With all the rumors that print media consumption is declining, you wouldn’t be alone if you thought that press releases were a thing of the past.

But while the way people consume media has evolved, the good, old-fashioned press release hasn’t—and it can be an invaluable tool for marketing your own real estate business.

What is a Press Release? 

In the news industry, a press release is a newsworthy story that highlights a particular event, activity or other “big deal.”

The target audience? Journalists and editors.

A press release goes to editors and the journalists who cover the type of news you’re sending them.

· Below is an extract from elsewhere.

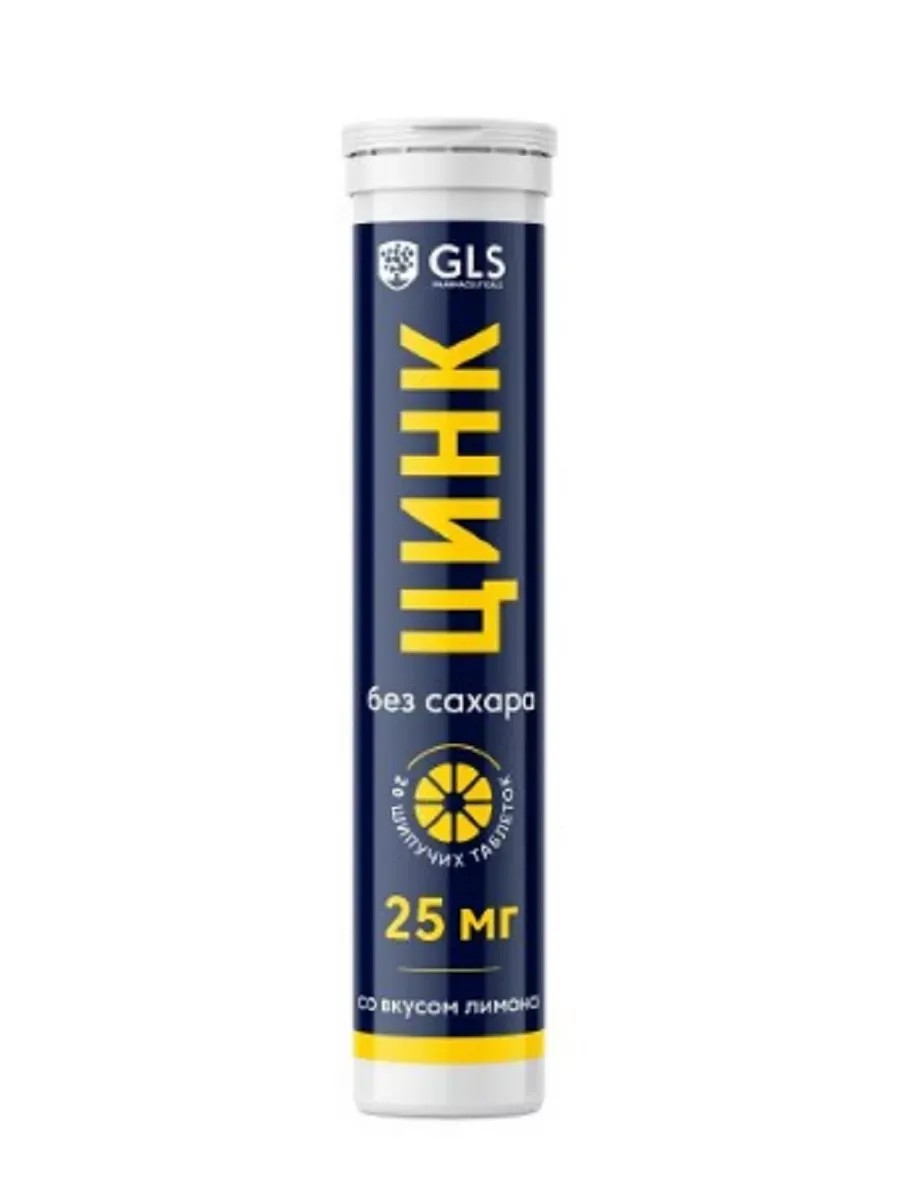 GLS ЦИНК без сахара со вкусом лимона - Биологически активная добавка (БАД) к пище - цитрат цинка - органический, легкоусвояемый источник цинка.Оказывает иммуномодулирующее действие, укрепляет иммунитет.Ускоряет выздоровление, снижает тяжесть симптомов и риск развития осложнений бактериальных и вирусных заболеваний в т.ч. COVID-19.Стимулирует синтез коллагена и кератина, регулирует работу сальных желез.Укрепляет и улучшает внешний вид кожи, волос и ногтей.Предотвращает выпадение и стимулирует рост волос.Ускоряет заживление различных повреждений кожи.Проявляет антиоксидантные свойства, способствует замедлению процессов старения в т.ч. возрастных изменений сетчатки и ухудшения зрения - Anti-age effect.Принимает участие в синтезе половых гормонов, поддерживая репродуктивную функцию и сексуальную активность у женщин и мужчин.Стимулирует секрецию и повышает чувствительность клеток к инсулину, способствуя регуляции уровня сахара в крови.1 шипучая таблетка (суточная дозировка) содержат:Цинка цитрат в т.ч. цинк 25 мгПищевая ценность 1 таблетки (3,8 г) (средние значения): углеводы - 1,5 гЭнергетическая ценность: 40 кДж/ 10 ккал

Hot Topics for Realtors’® Press Releases 

Every open house you hold isn’t necessarily newsworthy (unless it’s a historic, multi-million-dollar home), but there are plenty of things that many Realtors do that do justify a press release, such as:

  • Participating in a charity walk, run or bike ride
  • Winning an award or earning recognition as a Realtor
  • Publication of an eBook about the process of buying (or the process of selling, how to stage a home, or anything else your potential clients will find valuable)
  • Holding events, such as free homebuyer seminars
  • News about market trends and activity is always a great way to go, too; you’re the subject-matter expert, so people will listen when you have something to say. That’s true from observations you’ve made to trends you’re watching unfold in your market.
PR for Realtors - What's a Press Release and Why Should You Write One

The 5 Ws (and H) of a Successful Press Release 

Your press release doesn’t have to be perfect; after all, the idea behind it is to get journalists and editors interested in what you’re talking about so they’ll cover the story in their publication.

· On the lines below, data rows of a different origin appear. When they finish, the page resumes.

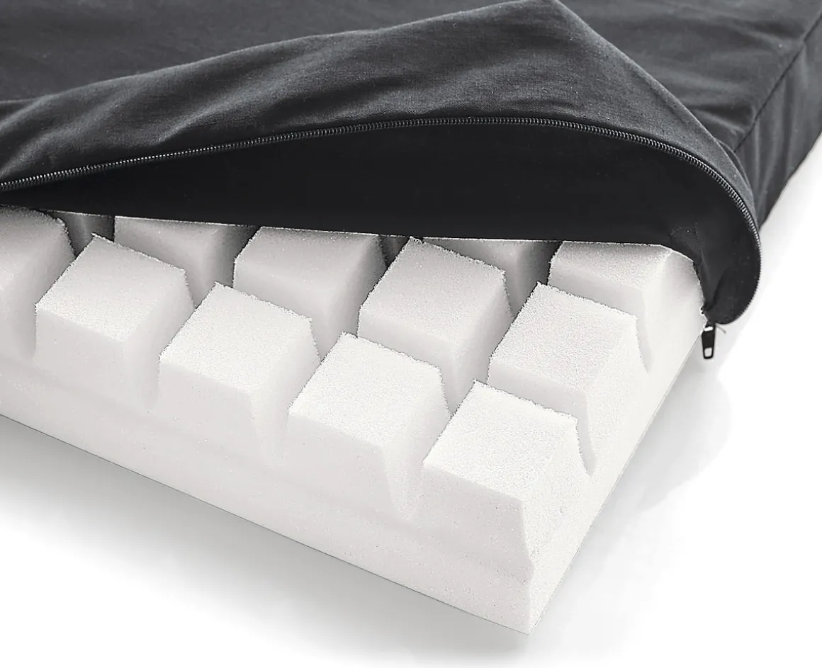 Der innovative Schaumstoffkern mit einzigartiger Würfelstruktur bietet sanfte Druckentlastung und passt sich angenehm dem Körper an. Die integrierten Rillen sorgen für eine gute Luftzirkulation und fördern ein kühles, frisches Liegegefühl – ideal für entspannten Schlafkomfort.
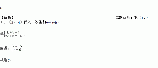 一次函数y=kx+b,经过(1,1),(2,-4),则k与b的值为( )
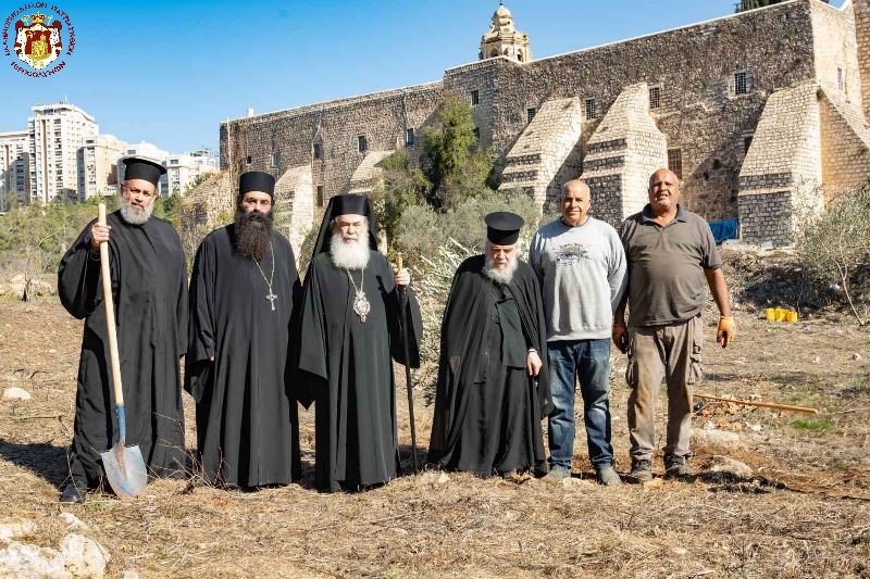Τήν Δευτέραν, 19ην Νοεμβρίου / 2ραν Δεκεμβρίου 2024, ὁ Μακαριώτατος Πατήρ ἡμῶν καί Πατριάρχης Ἱεροσολύμων κ.κ. Θεόφιλος ἐφύτευσεν εἰς τόν ἐξωτερικόν περίβολον τῆς Ἱερᾶς Μονῆς τοῦ Τιμίου Σταυροῦ τό πρῶτον ἐλαιόδενδρον ἐκ τῶν ἑκατόν φυτευθησομένων εἰς τήν Ἱεράν ταύτην Μονήν παρουσίᾳ τοῦ Γέροντος Ἀρχιγραμματέως Σεβασμιωτάτου Ἀρχιεπισκόπου Κωνσταντίνης κ. Ἀριστάρχου, τοῦ Ἡγουμένου τῆς Μονῆς Ἀρχιμανδρίτου π. Χριστοδούλου, τοῦ Ἀρχιδιακόνου π. Μάρκου καί τοῦ Ἐπιστάτου τοῦ κτήματος τῆς Μονῆς τοῦ Σταυροῦ.

With that said, every press release needs the 5 Ws (and H):

  • Who: Who is the press release about? You? Your team?
  • What: What about this is newsworthy?
  • Where: Where will (or did) the event take place?
  • When: When will (or did) the event take place?
  • Why: Why did you, your team or whomever else participate or play a role in the event?
  • How: How did the event unfold? How did it end? What was the newsworthy result?

You can include a timeline of events, a flyer, or any other supporting information that the reporter or editor will need when he or she is judging the merits of covering your story.

The best way to help a journalist when you’re submitting a press release is to include the names and contact information of sources—people who are willing to be quoted should the publication choose to run your story. You can even get quotes yourself (just remember to include your sources’ contact information so the reporter who covers it can do his or her due diligence).

What Should You Do With a Press Release? 

One of the reasons press releases are so successful for Realtors is that newspapers and other periodicals have print and online editions. In online editions, news outlets are likely to include a link back to your website, which boosts it in the SERPS, or search engine results pages.

So where should you send your press release?

You’ll have to look in your target publication’s masthead. The masthead is where you’ll find all the editors’ names, and in a typical newspaper, it’s on the Editorial page. You’ll find the publisher, the editor-in-chief, and section editors’ names listed there.

In an online publication, you’ll find it under a “Staff Directory” or “Contact” page. For example, The Tennessean has a Staff Directory page where you can find the email addresses and telephone numbers of the editors and reporters who work on the paper.

Choose the editor of the section where your story is the best fit… and that doesn’t necessarily mean the “Real Estate” section, either. If you’re volunteering to sponsor a kids’ sports team, for example, you’ll contact the local sports editor with your story.

Simply call the editor whose section “fits” your story, but remember, editors and journalists only have a few minutes to decide whether a story is newsworthy or not.

Don’t email your story without talking to the editor first; it’ll go straight into the email trash bin.

Typically, it’s best to get straight to the point; tell the editor what your press release is about, why the paper’s readers will want to read it, and ask if it’s okay to send it. You’ll usually get the green light, so send it immediately and follow up the next day.

If the editor needs more information, he or she will reach out to you.

A Word on Paid Press Release Sites 

Don’t spend your money submitting press releases to paid press release sites unless what you have will garner national attention. If you do, stick to a reputable company such as PRWeb or PR Newswire. They’re costly, and they have strict editorial guidelines (in this case, your press release does need to be perfect or the company won’t accept it).

Don’t submit to press release websites hoping to get a backlink to your website, either—Google stopped that from benefiting website owners years ago.